Computer Sciences Seminar
Tuesday, March 12
12:30 PM, NAC 8/206

Algorithms for High-Dimensional Clustering

Sanjoy Dasgupta
ATT Research

Abstract
Clustering -- finding groups in data -- lies at the heart of some of the most exciting new developments in computer science, such as computational genomics and web document retrieval. These emerging areas require the analysis of massive data sets, often involving millions of data points in very high- dimensional spaces. The importance of these data, along with the technological challenges they pose, have brought to the forefront the need for efficient, provably good clustering algorithms.

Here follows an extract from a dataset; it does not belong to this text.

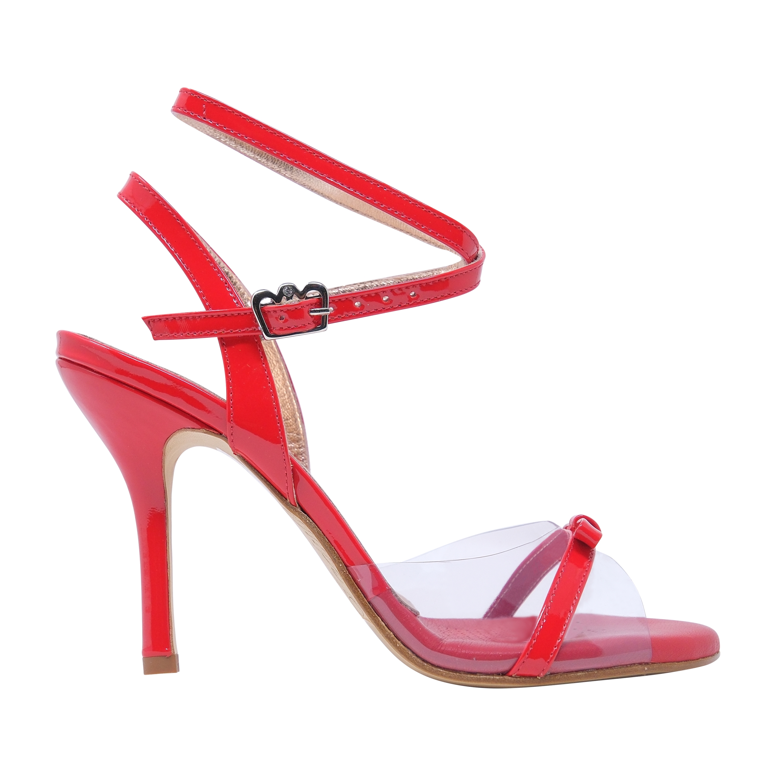 – red patent leather shoe with plastic front and a red bow leather

I will give an overview of my work on three long-standing open problems in clustering:

  1. the first efficient, provably good algorithm for a classic statistical task (learning mixtures of Gaussians);
  2. a proof that a popular clustering procedure (EM) will actually converge to the global optimum of its search space, rather than merely a local optimum, under certain conditions;
  3. an algorithm for constructing a "hierarchical clustering" -- a hierarchy of nested clusterings -- which is close to optimal (under a natural clustering cost function) at every level of granularity, simultaneously.

Bio
Sanjoy Dasgupta received his doctorate in Computer Science in May 2000, at the University of California, Berkeley. Since then he has been at AT&T Shannon Laboratory. The main focus of his research is on algorithmic aspects of statistics and machine learning, particularly for high-dimensional data.